During the two main action sequences, though, things really kick into gear. Tarantino has definitely done his care chase homework here, using lots of car-hugging angles and low-riding shots to really put you into the scenes. Everything was shot using real cars and real stunt work, which is certainly a breath of fresh air in the age of CGI races that look like they've been pulled out of the latest Need For Speed video game. The final sequence, which must last a solid ten minutes, is awe-inspiring, death-defying movie-making, and features stuntwoman Zoe Bell riding on the hood of a car the entire time, and two cars slowly demolishing each other with each metal-on-metal crunch.

DEATH PROOF, unfortunately, is a bit uneven, due to the sudden start-stop flow from a conversation around a diner table to an adrenaline pumping car chase. Imagine splicing the chase sequence from BULLITT into the middle of a Gilmore Girls episode. You should get the idea. At the end of it all though, this is pure Tarantino, and if it were not released as part of GRINDHOUSE, it would not be hailed as a 70's style throwback, it would simply be the next Tarantino movie.

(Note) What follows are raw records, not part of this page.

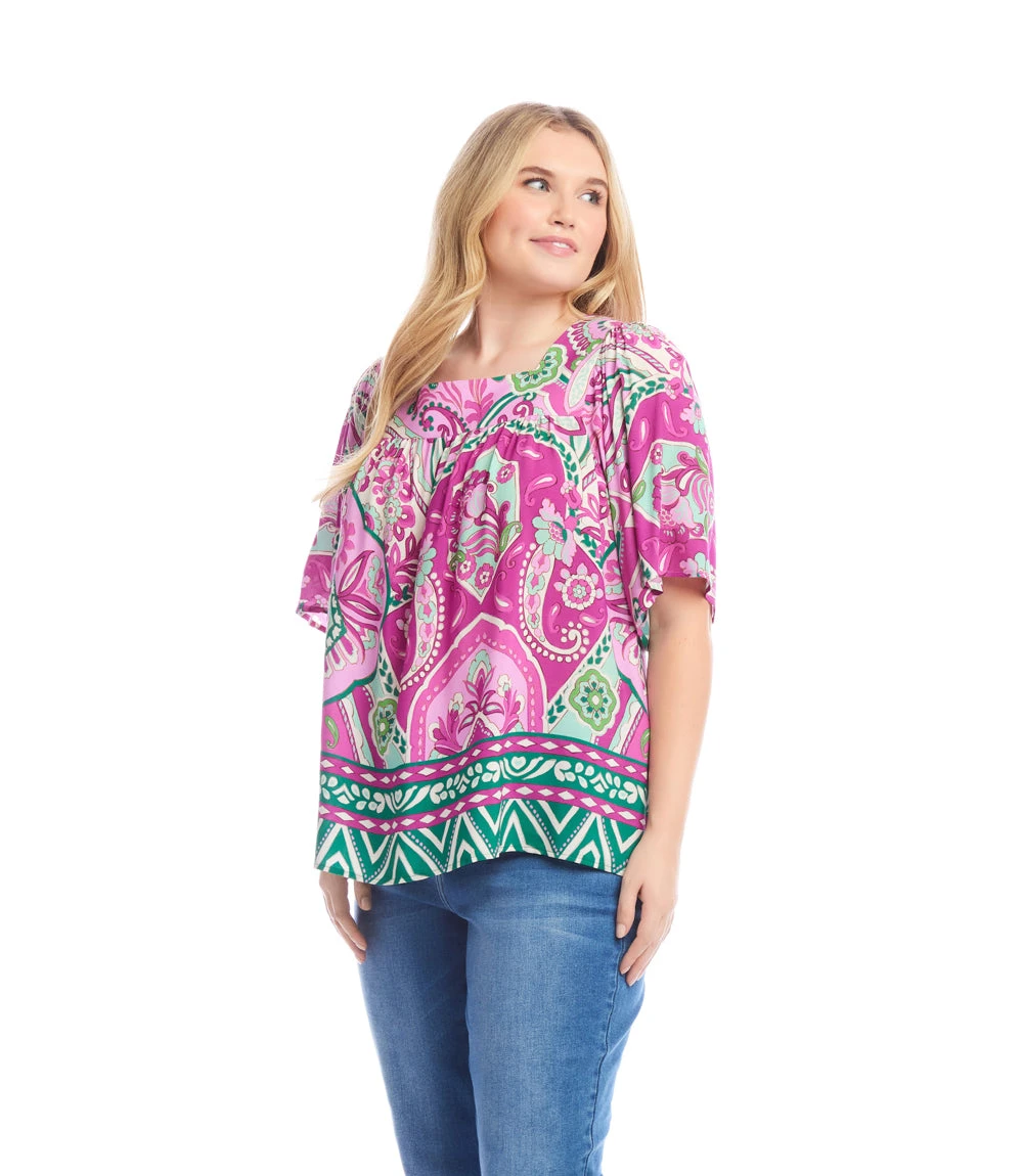 The structured square neckline offers a flattering, clean silhouette, while the dramatic flare sleeves add a bold, feminine touch. Crafted from soft, breathable fabric, this top provides comfort and style all day long. Whether you’re dressing it up for an evening out or pairing it with jeans for a casual look, this top is a versatile must-have in any wardrobe.
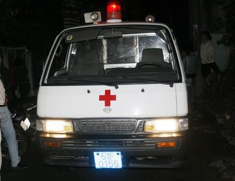 | Xe cấp cứu đưa thi thể em Khánh về nhà. Ảnh: An Nhơn. |
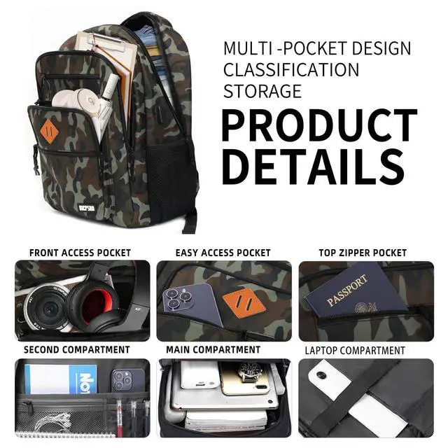 ^^ Quality Material: Laptop school backpack for men/women is crafted from premium water-resistant polyester, complemented by sturdy metal zippers, ensuring longevity and protection against the elements. This functional masterpiece is not just about aesthetics; it's backed by a 1-year warranty, reflecting our dedication to quality and your satisfaction.
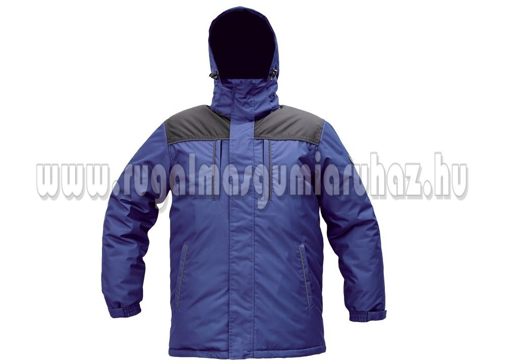 férfi kapucnis télikabát; hosszított hátsórész; 2 mellkasi zipzáras zseb; 2 oldalsó zipzáras zseb; 1 belső zseb tépőzárral; húzózsinór a kabát alján; polár bélésű gallér; a csukló tépőzárral állítható
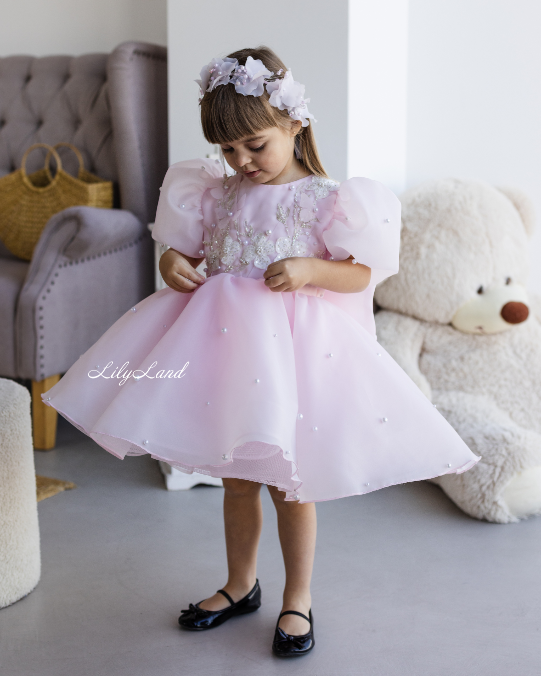 Mia dress it is a stunning birthday baby girl gown that will leave everyone in awe! Crafted in a light pink color and adorned with delicate floral & butterflies appliqué, this dress is perfect for making memories at birthday parties, weddings, pageants, proms, flower girl roles, graduations, and dances. Available in sizes for toddlers and children, the Mia dress combines elegance with comfort, ensuring your little one feels confident and beautiful throughout the event.
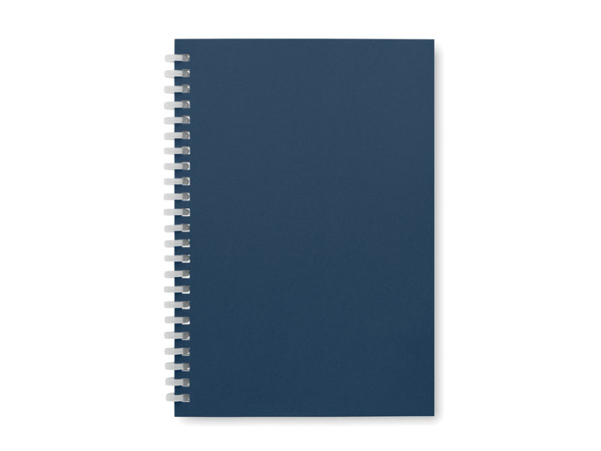 Блокнот A5 в обложке из переработанного картона с кольцевым переплетом. 160 линованных страниц из переработанной бумаги (80 листов).
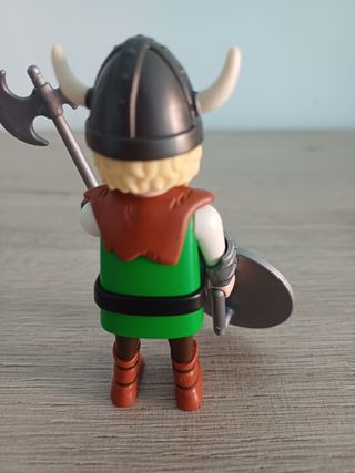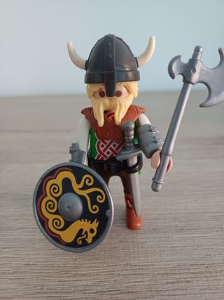 Figura Playmobil de un vikingo. Es una figura genial para coleccionistas o para jugar. - Incluye un hacha, una espada y un escudo. - El escudo tiene un diseño de dragón. - Lleva un casco con cuernos. - La figura está en buen estado.
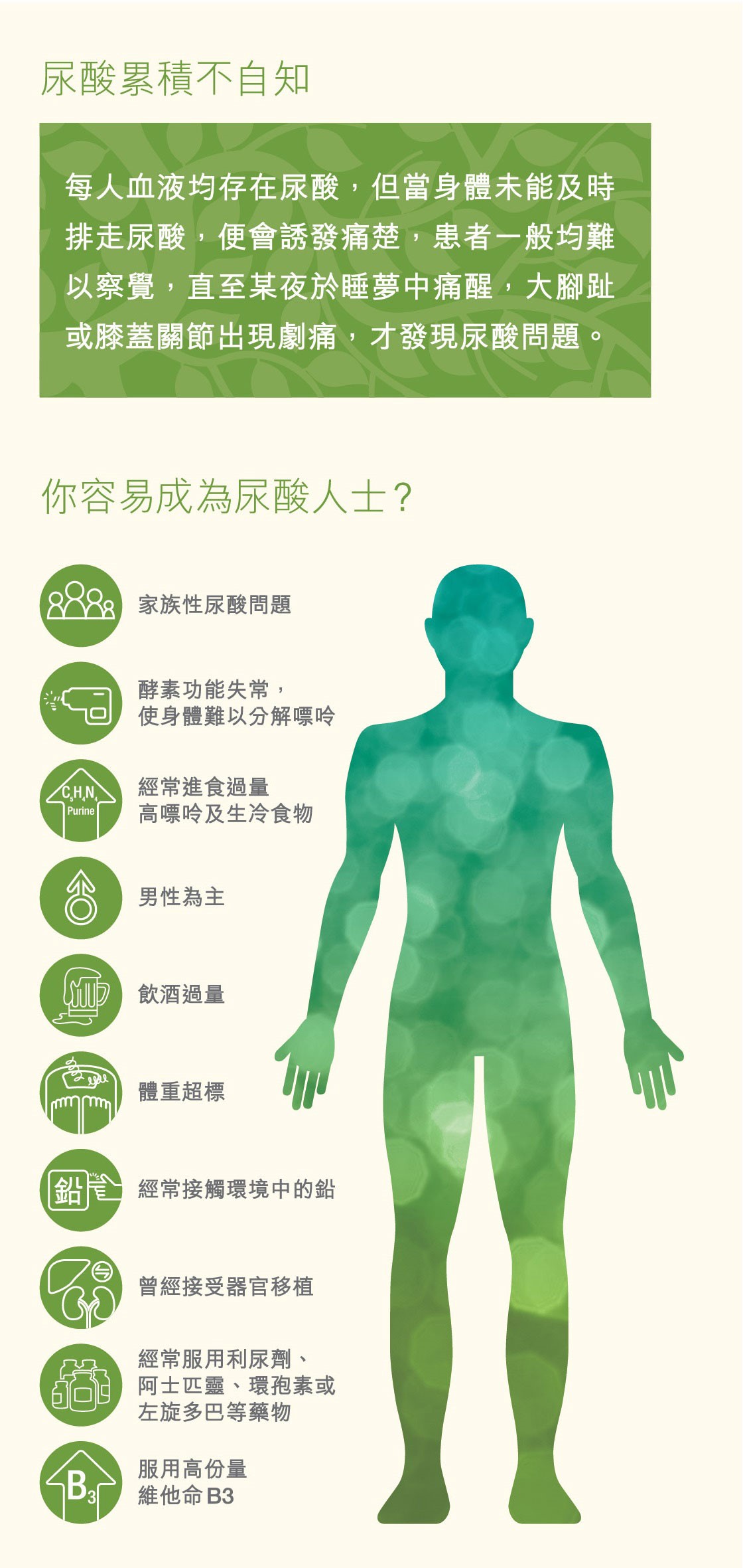 尿酸累積不自知每人血液均存在尿酸,但當身體未能及時排走尿酸,便會誘發痛楚。患者一般難以察覺,直至某夜於夢中痛醒,大腳趾或膝關節出現劇痛,才發現尿酸問題。

Like any double feature worth its weight, this one delivers trailers for four non-existent movies packed between the two main films. Rodriguez brings us MACHETE, a story about a double-crossed Mexican assassin. Next up is Rob Zombie's WEREWOLF WOMEN OF THE SS, a nazi exploitation flick that gives a much-need edge of sleaze the experience. Edgar Wright delivers DON'T, about the killings in an old mansion. Finally Eli Roth serves up THANKSGIVING, dealing with a black-clad killer slaughtering away on the holiday. All four of these fall into the "they don't make them like this anymore" category, and the MPAA would most likely shit a brick before approving these trailers. Rumors are currently circulating that MACHETE may wind up actually being made, and the rest of these faux films would easily find their viewers if they ever say the light of day.


In order to complete the grindhouse timewarp, both movies, the fake trailers, and the cue cards are all digitally scratched, scraped, smudged and beat to hell. Rodriguez goes a little overboard during PLANET TERROR, and may become more a distraction than an addition for anyone who has forgotten the time before all movies were perfectly printed and digitally projected in THX certified theatres. DEATH PROOF is a little more restrained, but Tarantino does a neat trick by poorly "splicing" each reel together, which causes the screen go blue and the sound to go out of sync for a few seconds. The classic cue cards announcing the "coming attractions" and "feature presentation" and the cute cartoons bits warning these films are for "restricted audiences" keeps the mood going. The only thing that could have improved the experience were if they bussed in real derelicts and hookers to hang out in the theatre, or if they purposely poured soda on the floor.

It is obviously clear that everyone involved is in love with a by-gone era of sleaze and trash being shown on the screen, and all-but-extinct experience of "surviving" a trip to the local rundown movie theatre. This is what going to the movies should be like, and perhaps this will reawaken a monster which has grown dormant in all of us that demands that a trip to the movies is a fun and unique experience that can only be had by going to the actual theatre. If you can just let yourself go, this will probably be the most enjoyable three-hour stretch at the movies this year. Just be sure to see it with as little knowledge of what is about to unfold as possible.